It seems that every other publisher is either flooded with submissions or simply cannot afford accepting any new ones. They’ve all got big back catalogues to go through. A phenomenon, in my opinion, that is rather dangerous in scale.
I mean, can this all really be true? Not one single publisher out there willing to take on manuscripts or submissions from writers? I wonder how many writers there are in the world? With this rate (and I’m stating one particular publisher’s quote that they’re receiving no less than TWENETY manuscripts per week! Another has a full editorial calendar and would only accept new submissions during the fourth quarter of 2006!!!), I’m guessing that a little over half of the population of the planet are writers, or at least people who at one point of the other decided to have a whack at this writing lark and jot themselves a novel and send it out to those “publisher” guys!

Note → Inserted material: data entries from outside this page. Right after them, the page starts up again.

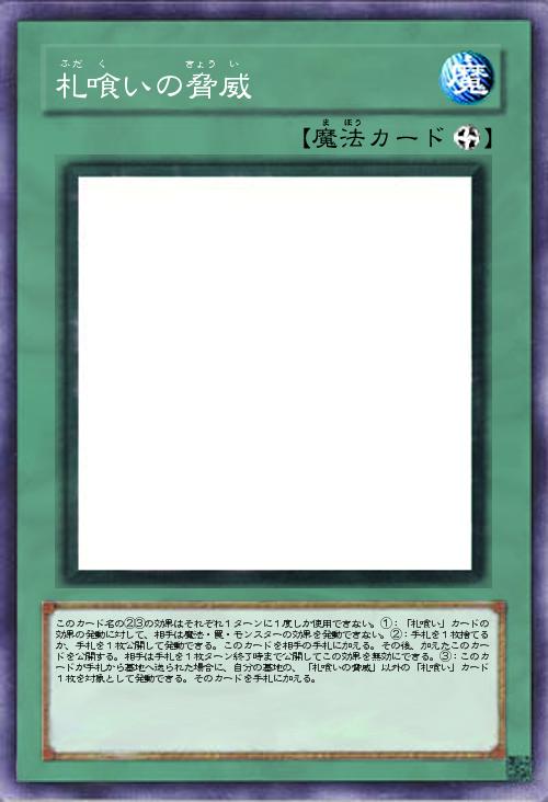 | このカード名の②③の効果はそれぞれ1ターンに1度しか使用できない。①:「札喰い」カードの効果の発動に対して、相手は魔法・罠・モンスターの効果を発動できない。②:手札を1枚捨てるか、手札を1枚公開して発動できる。このカードを相手の手札に加える。その後、加えたこのカードを公開する。相手は手札を1枚ターン終了時まで公開してこの効果を無効にできる。③:このカードが手札から墓地へ送られた場合に、自分の墓地の、「札喰いの脅威」以外の「札喰い」カード1枚を対象として発動できる。そのカードを手札に加える。 | |||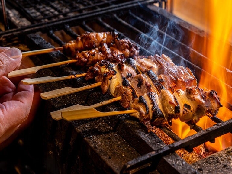 野乃鳥 人形町店は、2023年7月に人形町駅前のエムズクロス人形町にオープン。ジビエのような肉質を持った京都の地鶏「丹波黒どり」と「京鴨」を、アラカルトだけでなく、野乃鳥の代表・野網氏が試行錯誤を重ねた「おまかせコース」で提供しています。野乃鳥の焼き鳥は、特製の銅板の蓋を使用したオリジナルの焼き台で、火力が強い備長炭を使って焼き上げます。素材の旨味を最大限に引き出し、炭火の香ばしさ「薫香」が食欲をそそる焼き鳥と、土鍋で炊いたご飯との相性は格別です。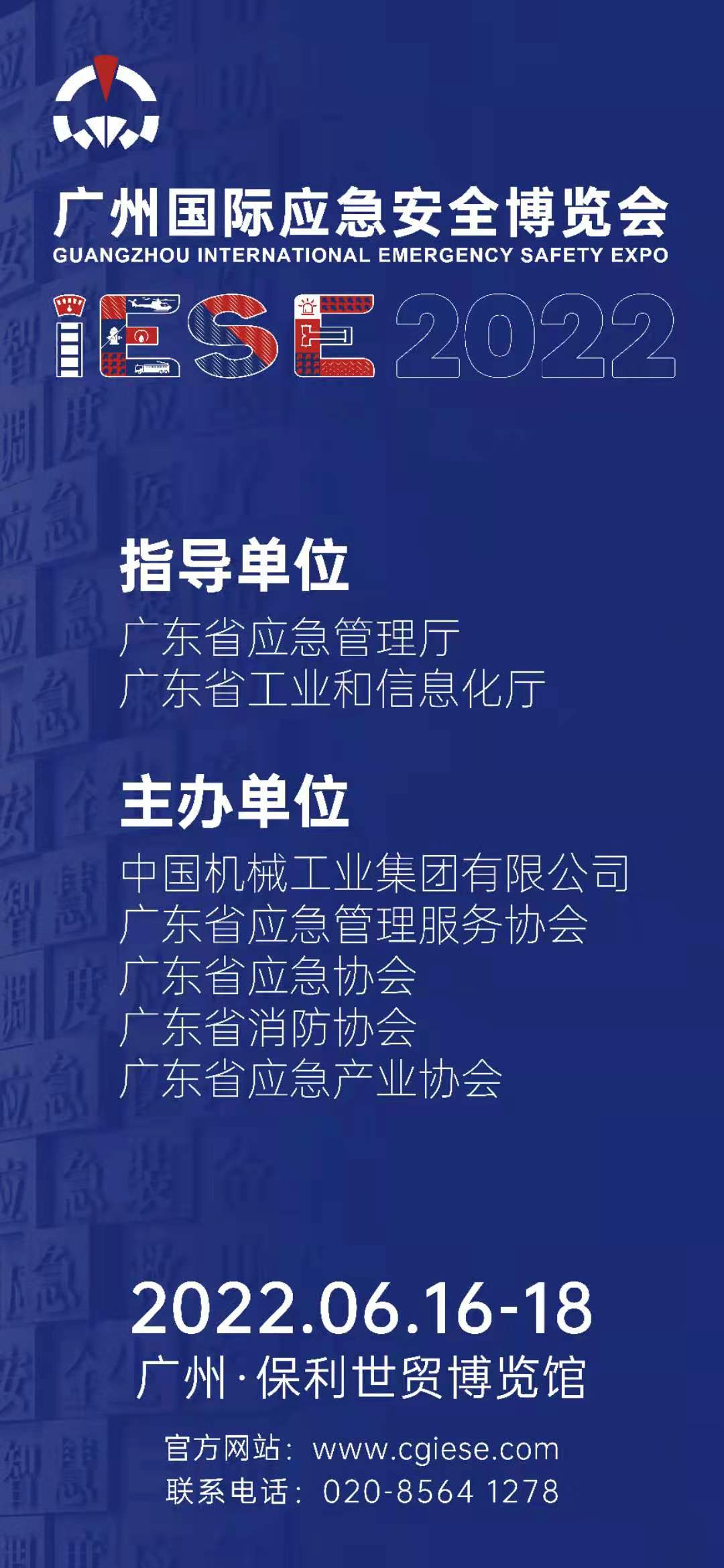 由广东省应急管理厅、广东省工业和信息化厅等部门指导,中国机械工业集团有限公司、广东省应急管理服务协会、广东省应急协会、广东省消防协会、广东省应急产业协会等机构共同组织的广州国际应急安全博览会(IESE)定于2022年6月16—18日在广州保利世贸博览中心隆重举行。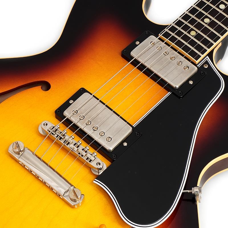 2021年製となる本機はネックやフィンガーボードのハイドグルーフィットや、チューブレストラスロッドももちろん採用されています。ソリッドセンターブロックはライトウェイトな材が使用されているように感じられ、本機も重量およそ3.7kgと抱えやすい程好いウェイトで、構えた際のバランスも良く、そしてセミアコースティックギターのホロウ感をより自然に引き出しているように感じられます。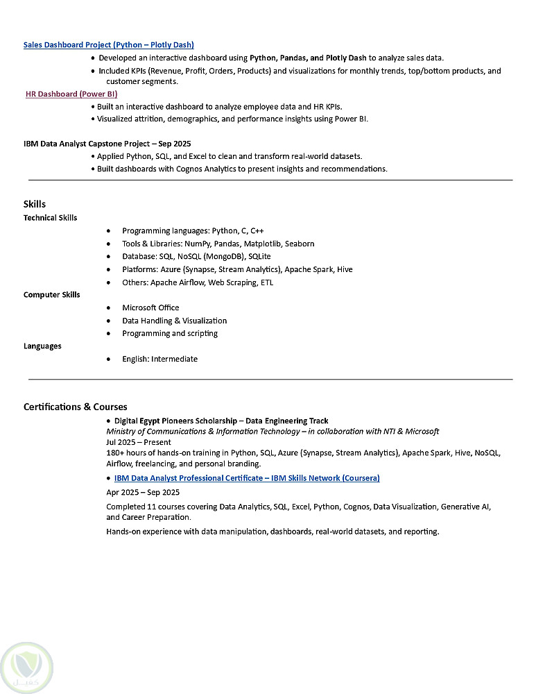 تحسين الـ CV ليستهدف مجالات Data Analysis / Data Engineering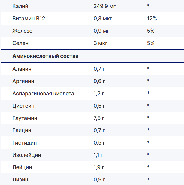 Стандартная порция (20 г белка): Смешайте 1 мерную ложку (30 г) продукта с 200–250 мл холодной воды.

Flippin’ Heck! That’s wicked!
And I’m here talking mostly about the small-time publishers. I won’t even touch upon the big guns in the industry, oh no sir, these are too busy securing multi-million deals with people like Bill Clinton and Colin Powell and Robbie Williams!
How I feel sorry for those little publishing houses, you can’t blame them can you? They are small and their capabilities are limited, but I feel that they are the ones that are keeping at least a speck of hope to those “real” writers, new and unknown, who wouldn’t even be given a second glance by most major publishers.
But, now that I think of it, there might be some greater comfort for the like of us, us little pitiful writers. Think back and look at the great classics of our modern times. Most were either self-published by small-time authors.
One can draw comparison with that olden age when the greats of literature produced their finest works, only to be fully recognized by the common readers later on. Today, we might have he greatest masterpiece of our time already published, but we wouldn’t know of it. Because maybe it was self published or taken by a small publisher, using P.O.D. technology and such.
At least it will be there, perhaps to be found on an old stack of books, thrown in a cardboard box on the middle of a filthy street, fifty years from now, by a lonely reader eager to find a treasure in a book that is neither artificial nor commercial (something that is already becoming more of a rarity).
Our culture/history feeds on underground, on things “indie”. It celebrates the underdogs. Pop might be the master of the present, but it’s meant to be consumed instantly, chewed to the bone then tossed aside and forgotten about, leaving the scene empty for those more eccentric and “indie” like creatures, who are more than happy to wait it out, anticipate their moment and seizing it into their clutches.
If we implement the same concept to music it will be the equivalent of pop music against rock ‘n’ punk. Pop music might sell millions, but it is pointless, unoriginal, and consumer-driven and has nothing new to offer or say or add to human civilization and culture, on the other hand Rock ‘n’ Punk music has a purpose, is original, full of spirit, and certainly has something to say.
So, my fellow small-time, self-published writers, we may not be rich, and facing the facts, we may never be, but at least we are original; a thought that ought to keep us going longer than any “pop”ers around!